Start of Block

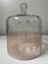 zeer mooie fraaie kaasstolp met onderaan mat glas en bovenaan klaar glas.
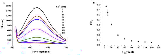 The Cu2+ concentration towards the fluorescence quenching of the DNA2-Ag NCs was studied. As shown in Figure 8A,B, when the Cu2+ concentration was between 5 nM and 140 nM, the DNA2-Ag NCs quenching (F/F0) gradually increased with the increased Cu2+ concentration (F0 and F refer to the fluorescence intensity of the DNA2-Ag NCs in the absence and presence of Cu2+ ions, respectively). Meanwhile, the quenching efficiency ((F0 − F)/F0) reached 90% when the Cu2+ concentration was higher than 60 nM, which indicated that the fluorescence of the DNA2-Ag NCs was sensitive to the change in Cu2+ concentration. To further investigate the mechanism of the quenching effect, the Stern–Volmer equation was used [20]:
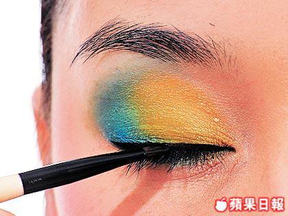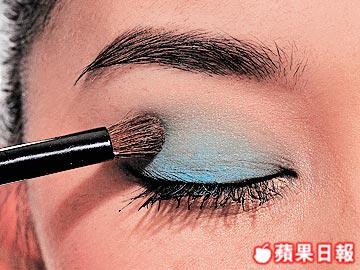 在眼窩位塗上灰藍色眼影#Cornflower作底色,然後在眼摺位搽上天藍色眼影#SeaFoam,下眼線位則可以塗上蛋黃色眼影#DayGlow,撞出對比效果。
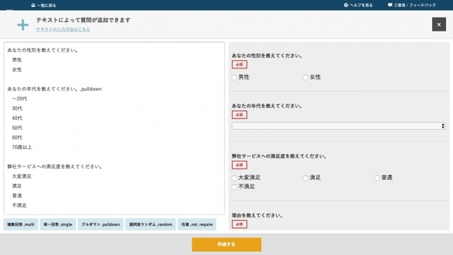 簡単な記述で一括で登録できます。シンプルなアンケートであれば、質問作成の時間が大幅に削減されるので、アンケート作成の頻度が高いユーザーさまはぜひご利用ください!
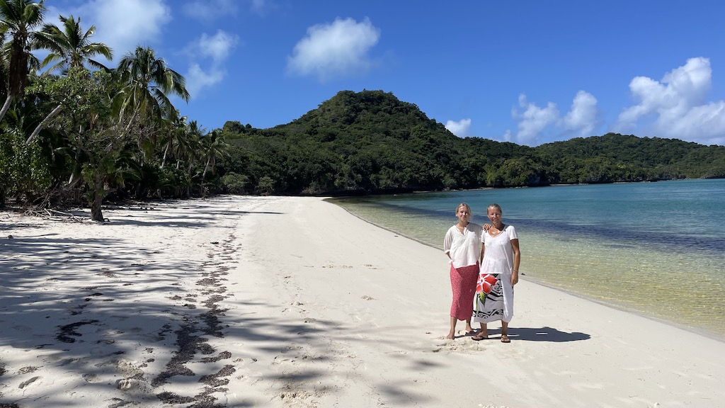 Någon dag senare seglade vi till Fulaga. Vilket drömställe! Helt klart och turkost vatten, små toppiga vulkanöar inne i atollen och gulliga små palmer som stack upp överallt på öarna. Vi tog oss in till byn, på en underbart fin stig utan djungelkaos. Däremot var det galet mycket mygg så jag var säker på att jag skulle få malaria. I alla fall, i byn blev vi väl mottagna och fick en värdfamilj. Fina Lucy och hennes familj tog så bra hand om oss, visade oss runt och bjöd oss på te, färska kokosnötter och mat. Hon hade alltid med sig sin bästa kompis Elina, dom två var så roliga och skämtade massor. Det är så roligt att man kan komma så bra överens med någon på andra sidan jorden som lever ett helt annat liv, så långt från våra liv i Sverige som det går att komma. Klyscha, jag vet, men så kändes det verkligen. Vi trivdes väldigt bra här.
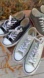 Stylish Converse low tops in black, cream, and olive. Features classic lace-up design.
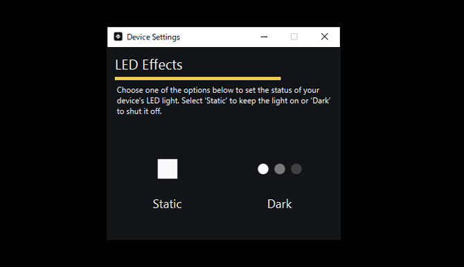 本体のLEDをStatik(点灯)/Dark(消灯)するか設定できる。
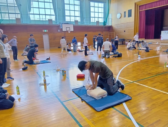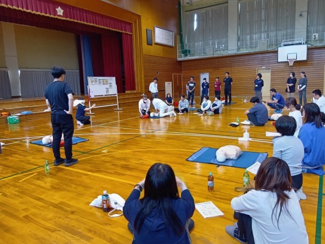 健康安全部です 公開日 2025/05/26 更新日 2025/05/24 速小ニコニコPTA 5月23日(金)救命救急講習会に参加しました。2名の救急法指導員をお招きし、心肺蘇生やAEDの使い方を教えていただきました。プールや海で溺れた人の救命方法を教わった後、各グループに分かれて一次的救命処置の練習を行いました。実際にやってみると、胸骨圧迫は一人では長時間できないことがわかり、周りの人の協力も重要であることを知りました。7月には健康安全部で、3年生の水泳教室をお手伝いする予定です。
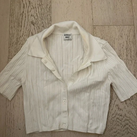 Elegant cream ribbed knit with a classic collar. Perfect for layering.
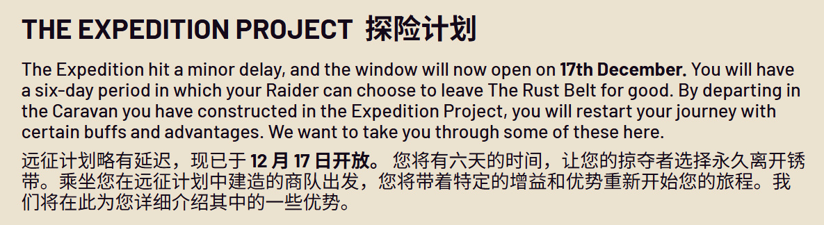 远征机制允许每位玩家在6天窗口期内选择离开Speranza城。更新称出发时将把玩家仓库所有物品计入远征项目,仓库物品与代币总值(每百万价值折算1点)将决定下个角色额外技能点(上限5点)。参与远征的玩家主要进度将重置,包括技能树、等级、仓库内容、工坊研发、制造技能与蓝图,但可跳过首次部署的训练环节,直接解锁完整地图与升级路线。
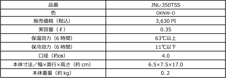 『サーモス 真空断熱ケータイマグ(JNL-350TSS OKNW-O)』 仕様一覧
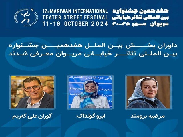 به گزارش خبرنگار مهر، دبیر هفدهمین جشنواره بینالمللی تئاتر خیابانی مریوان شامگاه جمعه به خبرنگاران رسانههای کردستان اعلام کرد: داوران این دوره از جشنواره برای ارزیابی شرکت کنندگان معرفی شدند.
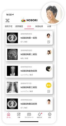 提携医療機関から提供された画像や検査結果、薬などの医療情報をスマートフォンで、いつでも見ることができます。
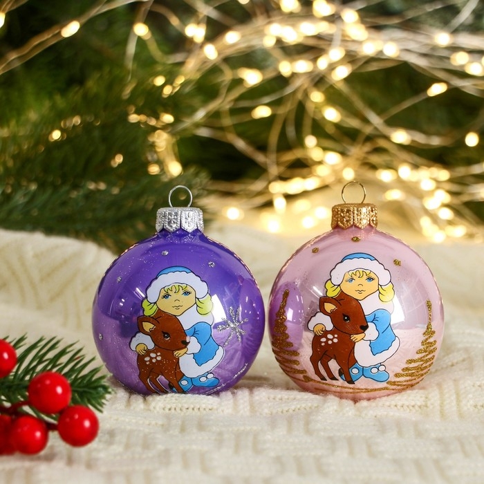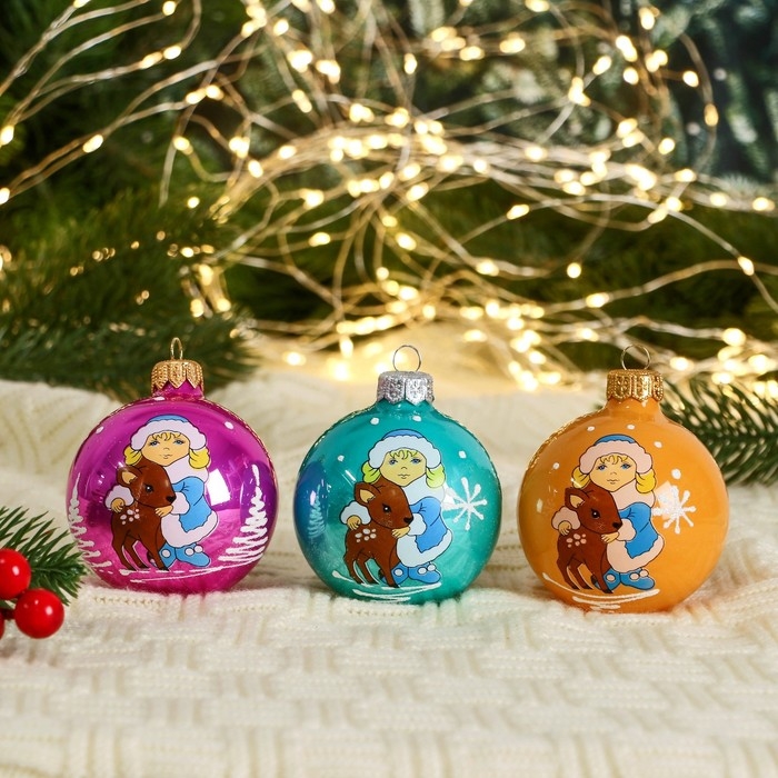 Шар "Снегурочка с олененком" 6,5 см, микс
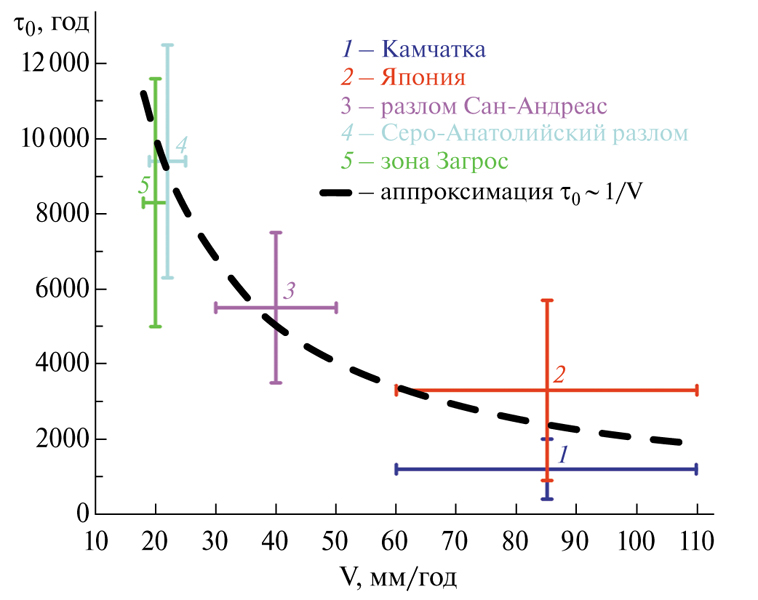 Современные данные позволяют количественно сопоставить на региональном уровне длительность цикла разрушения со скоростью тектонических деформаций. В качестве характеристики последней мы выбрали среднюю скорость относительного движения плит в регионах с ярко выраженными тектоническими структурами трансформных разломов – в зоне субдукции и в сдвиговых зонах.

End of Block

# Problem
Set down every entry above without alteration, but print no images.

# Problem solution
 zeer mooie fraaie kaasstolp met onderaan mat glas en bovenaan klaar glas.
 The Cu2+ concentration towards the fluorescence quenching of the DNA2-Ag NCs was studied. As shown in Figure 8A,B, when the Cu2+ concentration was between 5 nM and 140 nM, the DNA2-Ag NCs quenching (F/F0) gradually increased with the increased Cu2+ concentration (F0 and F refer to the fluorescence intensity of the DNA2-Ag NCs in the absence and presence of Cu2+ ions, respectively). Meanwhile, the quenching efficiency ((F0 − F)/F0) reached 90% when the Cu2+ concentration was higher than 60 nM, which indicated that the fluorescence of the DNA2-Ag NCs was sensitive to the change in Cu2+ concentration. To further investigate the mechanism of the quenching effect, the Stern–Volmer equation was used [20]:
 在眼窩位塗上灰藍色眼影#Cornflower作底色,然後在眼摺位搽上天藍色眼影#SeaFoam,下眼線位則可以塗上蛋黃色眼影#DayGlow,撞出對比效果。
 簡単な記述で一括で登録できます。シンプルなアンケートであれば、質問作成の時間が大幅に削減されるので、アンケート作成の頻度が高いユーザーさまはぜひご利用ください!
 Någon dag senare seglade vi till Fulaga. Vilket drömställe! Helt klart och turkost vatten, små toppiga vulkanöar inne i atollen och gulliga små palmer som stack upp överallt på öarna. Vi tog oss in till byn, på en underbart fin stig utan djungelkaos. Däremot var det galet mycket mygg så jag var säker på att jag skulle få malaria. I alla fall, i byn blev vi väl mottagna och fick en värdfamilj. Fina Lucy och hennes familj tog så bra hand om oss, visade oss runt och bjöd oss på te, färska kokosnötter och mat. Hon hade alltid med sig sin bästa kompis Elina, dom två var så roliga och skämtade massor. Det är så roligt att man kan komma så bra överens med någon på andra sidan jorden som lever ett helt annat liv, så långt från våra liv i Sverige som det går att komma. Klyscha, jag vet, men så kändes det verkligen. Vi trivdes väldigt bra här.
 Stylish Converse low tops in black, cream, and olive. Features classic lace-up design.
 本体のLEDをStatik(点灯)/Dark(消灯)するか設定できる。
 健康安全部です 公開日 2025/05/26 更新日 2025/05/24 速小ニコニコPTA 5月23日(金)救命救急講習会に参加しました。2名の救急法指導員をお招きし、心肺蘇生やAEDの使い方を教えていただきました。プールや海で溺れた人の救命方法を教わった後、各グループに分かれて一次的救命処置の練習を行いました。実際にやってみると、胸骨圧迫は一人では長時間できないことがわかり、周りの人の協力も重要であることを知りました。7月には健康安全部で、3年生の水泳教室をお手伝いする予定です。
 Elegant cream ribbed knit with a classic collar. Perfect for layering.
 远征机制允许每位玩家在6天窗口期内选择离开Speranza城。更新称出发时将把玩家仓库所有物品计入远征项目,仓库物品与代币总值(每百万价值折算1点)将决定下个角色额外技能点(上限5点)。参与远征的玩家主要进度将重置,包括技能树、等级、仓库内容、工坊研发、制造技能与蓝图,但可跳过首次部署的训练环节,直接解锁完整地图与升级路线。
 『サーモス 真空断熱ケータイマグ(JNL-350TSS OKNW-O)』 仕様一覧
 به گزارش خبرنگار مهر، دبیر هفدهمین جشنواره بینالمللی تئاتر خیابانی مریوان شامگاه جمعه به خبرنگاران رسانههای کردستان اعلام کرد: داوران این دوره از جشنواره برای ارزیابی شرکت کنندگان معرفی شدند.
 提携医療機関から提供された画像や検査結果、薬などの医療情報をスマートフォンで、いつでも見ることができます。
 Шар "Снегурочка с олененком" 6,5 см, микс
 Современные данные позволяют количественно сопоставить на региональном уровне длительность цикла разрушения со скоростью тектонических деформаций. В качестве характеристики последней мы выбрали среднюю скорость относительного движения плит в регионах с ярко выраженными тектоническими структурами трансформных разломов – в зоне субдукции и в сдвиговых зонах.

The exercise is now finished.